Sussex mum recalls 'world shattering' moment when her daughter was diagnosed with leukaemia
A Chichester mum has spoken of the 'indescribable' impact her 12-year-old daughter's leukaemia battle has had on her family '” saying it was like 'someone had shut the door behind us so there was no way back'.
Jane Baggott — whose daughter Olivia was diagnosed with acute myeloid leukaemia (AML) in September 2017 when she was 11 — is hoping to encourage as many people as possible to learn the symptoms of leukaemia during Blood Cancer Awareness Month (BCAM) which takes place throughout September.
She said: "Her problems started with acute lower back pain in July 2017, followed by pain in several other joints that developed after physical exercise. In the middle of the summer (2017) she developed a cold which hit her harder than normal and following that she started to rapidly lose weight and started being sick.
"During the eight weeks leading up to her diagnosis we went to A&E, saw three GPs and were referred to a physio for several appointments, we were also admitted to our local hospital the week before diagnosis with suspected Lyme disease from a tick, or potentially a kidney infection."
Olivia was transferred to Southampton Children’s Hospital following an MRI of her lower spine.
Possible leukaemia was spotted after an in depth, full body MRI scan.
Jane added: "It felt like we’d entered a long narrowing tunnel as soon as we’d entered hospital care and someone had shut the door behind us so there was no way back!
"By the time we got the diagnosis our daughter was so poorly that we already knew something was wrong and just wanted to get her treated and better.
"Nothing in the world could have prepared us for the news that we received. Our first thoughts were 'will she die?' We were utterly terrified and our world shattered."
Jane said the family would be 'eternally grateful' for the 'incredible' team on Piam Brown ward at Southampton General Hopsital who gave Olivia the 'best care possible'.
"No parent wants to see the effects that chemotherapy has on a sick child, but somehow you get on with it — with chemotherapy and numerous infections we spent five months in hospital," Jane said.
"Six months to the day of her diagnosis, our daughter got to ring the end of treatment bell and is now in remission.
"All our lives have been changed forever by leukeamia; the impact on the whole family is indescribable.
"The risk of relapse is never far from our minds and we are caught between trying to give our children a normal childhood and constantly worrying, watching for signs that the disease may have returned.”
Spotting the symptoms
According to Cancer Research UK, 9,900 people were diagnosed with Leukaemia in 2015, which is 27 people each day.
Leukaemia Care, a national blood cancer charity, is attempting to raise awareness of the disease, as well as its signs and symptoms, as part of their #SpotLeukaemia campaign.
A spokesman for the charity said it can be hard to spot because the signs and symptoms are common to other unrelated illnesses.

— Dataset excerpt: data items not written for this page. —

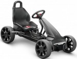 Ansonsten kann das F550 mit einem Vorwärts- und Rückwärtsgang sowie einer Freilaufautomatik aufwarten. Mit letzter ist es möglich, vom Vorwärts- zum Rückwärtsfahren ohne Schalten zu wechseln – ein Feature, das auch für Sicherheit bürgt, denn immerhin können so bei der Fahrt stets beide Hände am Lenkrad bleiben. Komfortabel zeigt sich die besonders weit hochgezogene Rückenlehne, an deren oberem Ende ein Griff zum Schieben oder Ziehen des Gefährts sitzt. Weiteres Plus: Der Schalensitz kann im Handumdrehen verstellt werden – damit beim Chauffeurwechsel wie nach den Vorbildern der Rennställe im Motorsport keine kostbare Zeit verloren geht.
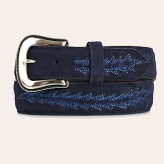 JRC & Sons Women's Nancy Indigo Suede & Blue Ombre Stitch Leather Belt
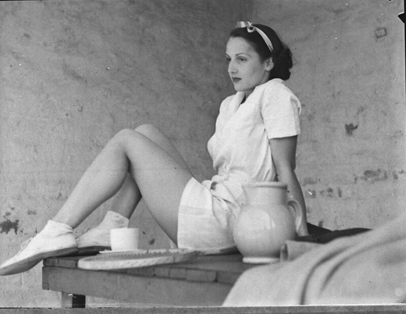 Actress Billy Worth dressed for tennis, 6/10/1937, Sydney, NSW., Sam Hood
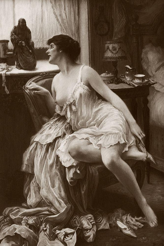 In Her Quarters White Modern Wood Framed Art Print with Double Matting by Vintage Nudes
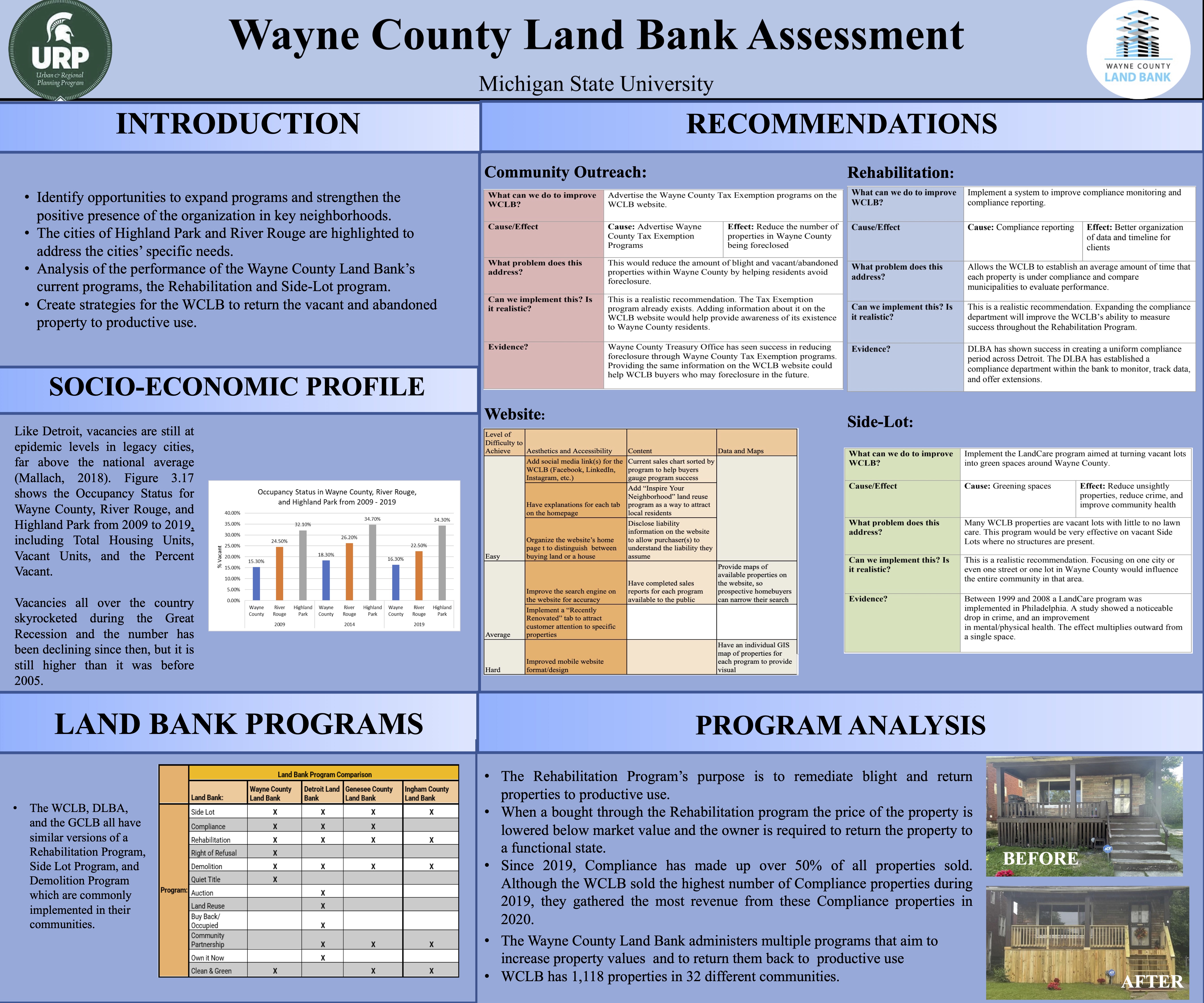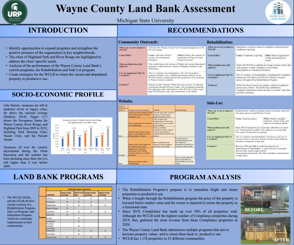 This report suggests ways to improve the Wayne County Land Bank’s programs and overall presence within Wayne County. The Practicum team focused on two communities in Wayne County: Highland Park and River Rouge. This report includes a literature review on land banks, a socio-economic profile of the two communities within Wayne County, a comparison of land banks in Michigan similar to WCLB, a community outreach survey, and an analysis of the land bank's current programs. This report aimed to analyze each aspect of the WCLB activities and assess whether the WCLB is fulfilling its primary objective of returning blighted and vacant properties to productive use. Through this process, the Practicum team identified several findings and recommendations for the WCLB.
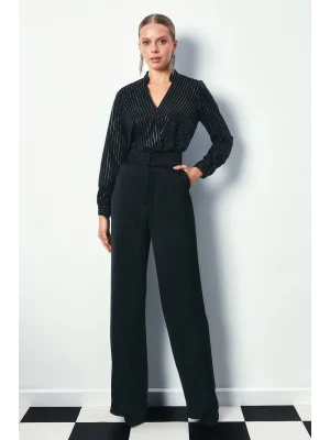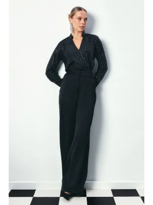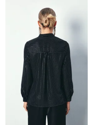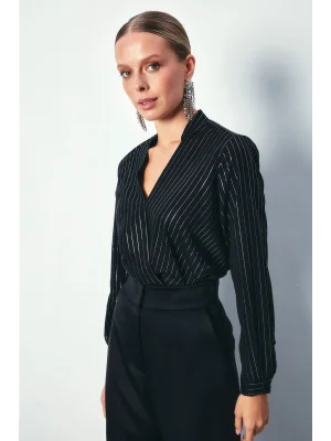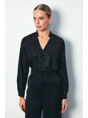 Kruvaze Parlak Çizgili Bluz - SİYAH

They added that the six most common symptoms experienced by all leukaemia patients prior to diagnosis are; fatigue, bruising or bleeding, bone/joint pain, fever or night sweats, sleeping problems and shortness of breath.
The charity's statement also urged anyone with any concerns, no matter how minor, to visit their GP as soon as possible.
It added: "The campaign seeks to raise awareness of what leukaemia is, the symptoms to spot and who can be affected by leukaemia.
"The charity wants to equip people to spot the signs and symptoms of leukaemia, and urge them to visit their GP if they have any concerns. Early diagnosis saves lives and improves outcomes."
Leukaemia Care said it is giving away free symptoms cards to raise awareness of the types of leukaemia and to 'empower people' to visit their GP if they feel worried.
Symptoms cards, as well as more information about the campaign, can be found and ordered at the Leukaemia Care website.
The campaign can also be found on social media by searching #SpotLeukaemia.